Jobcentre vans to visit football clubs and retail parks to drive down unemployment

Rachel Reeves and employment minister Alison McGovern (PA) - (PA Wire)

Jobcentre vans will park up outside football matches, mosques and in retail parks across areas with high unemployment, as part of a drive to reduce the number of people out of work.

The vans, dubbed mobile jobcentres, are being tested as an “inclusive and accessible” way to encourage people into work, according to the Department for Work and Pensions (DWP).

A match day at Bolton Wanderers Football Club is among the locations a DWP van has recently pitched up.

The Greater Manchester town is one of several areas with higher than the national average of unemployment where the vans are being tested.

Getting more people back into work is a key part of our Plan for Change to deliver economic growth

Alison McGovern

The DWP also pointed to mosques, retail parks and community centres as locations which have been targeted by the mobile jobcentres.

The vans are also touring Flintshire, Denbighshire and Wrexham, in north Wales, and another will soon be launched in Scotland covering Moray and the Highlands, according to the DWP.

Employment minister Alison McGovern said the Government wanted to “see everyone, in every corner of the country, become better off” by being offered the opportunity of a “good job”, as she joined the Bolton mobile jobcentre outside a children’s centre on Monday.

“This mobile jobcentre is a perfect example of an inclusive and accessible DWP solution that ensures no one misses out on the job support they deserve,” Ms McGovern added.

“Getting more people back into work is a key part of our Plan for Change to deliver economic growth, create better opportunities and put more money into the pockets of working people.”

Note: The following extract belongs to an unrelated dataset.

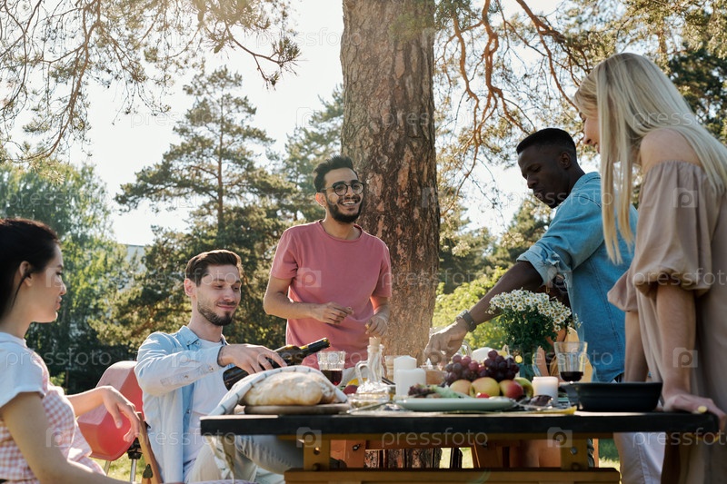 Молодой человек наливает красное вино в стакан, а другой пьет свежий виноград

Ministers are seeking to bring down the number of working age people who are out of work as a means of cutting the benefits bill.

Some 2.8 million people are out of work due to long-term sickness, rising from two million before the pandemic, according to Government figures.

Alongside efforts aimed to encouraging more people into work, like the jobcentre vans, ministers are believed to be considering tougher conditions for benefits payments.